Stirner disait que l'on peut definir l'homme, car il rentrait toujours en contradiction avec son essence, que vouloir combatre l'homme c'est combatre le non-homme mais que combatre le non-homme dans l'homme eszt vain (...)

> Pour en finir avec l'Homme
16 décembre 2003, par jocelyn   [retour au début des forums]

"L'homme ? Je suis homme, et rien ne m'est plus étranger que ce qui commence par revendiquer la qualité d'humain. Le ciel m'est plus facile ou mystérieux qu'autrui, les arbres aussi somptueux et aussi pathétiques que le portefaix bégayant de toute pensée (y compris de la fausse pensée : cela existe). D'ailleurs l'humain qu'on célèbre à cette heure n'est plus l'homme des moralistes (et des grands immoralistes), pas même l'humanité entrevue par la Révolution Française. La "qualité" d'humain n'est pas si rare qu'il faille d'emblée lui trouver quelque prix. Je n'éprouve ni joie ni responsabilité particulière à être homme comme un tortionnaire, ou comme les innombrables abrutis, généralement munis d'une dose d'insolence encore supérieure à la mienne, qui encombrent le paysage.

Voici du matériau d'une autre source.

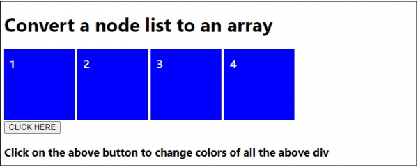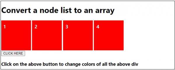 <!DOCTYPE html> <html lang="en"> <head> <meta charset="UTF-8" /> <meta name="viewport" content="width=device-width, initial-scale=1.0" /> <title>Document</title> <style> body { font-family: "Segoe UI", Tahoma, Geneva, Verdana, sans-serif; } .sample { display: inline-block; font-size: 20px; font-weight: 500; color: white; background-color: blue; padding:10px; width: 100px; height: 100px; } </style> </head> <body> <h1>Convert a node list to an array</h1> <div class="sample">1</div> <div class="sample">2</div> <div class="sample">3</div> <div class="sample">4</div> <br> <button class="Btn">CLICK HERE</button> <h3>Click on the above button to change colors of all the above div </h3> <script> let sampEle = document.querySelectorAll('.sample'); let BtnEle = document.querySelector('.Btn'); BtnEle.addEventListener('click',()=>{ Array.from(sampEle).forEach(item=>{ item.style.backgroundColor = 'red'; }) }) </script> </body> </html>

L'homme est mon commencement, non ma fin : il est le moment décisif autant que transitif où l'esprit se sépare de la nature. Malgré les rodomontades d"une civilisation qui, à cet égard, remonte au plus au XIIe s., la situation aggravée de la culture aux temps modernes me paraît tenir à ce que l'esprit (comme les sens) continue de se trouver plus de plain-pied avec le soleil, l'animal, le caillou, qu'avec une "espèce humaine" désormais développée, étalée, aplatie, et lessivée, ou peu s'en faut. Qu'on ne compte pas sur moi pour aller rechercher mon prochain au fond de l'entonnoir. (...) Je me sens de cœur, plus d'une fois l'an, avec Piero di Cosimo, dont son biographe rapporte que, vieillissant, "il ne pouvait supporter d'entendre crier les enfants, tousser les hommes, chanter les moines, sonner les cloches et aboyer les chiens". Il est vrai, ajoute le naïf Vasari, qu'à d'autres moments il était "si étrangement content" de ce qu'il peignait, "qu'il en grinçait des dents".

Gérard Legrand, Préface au système de l'éternité (1971).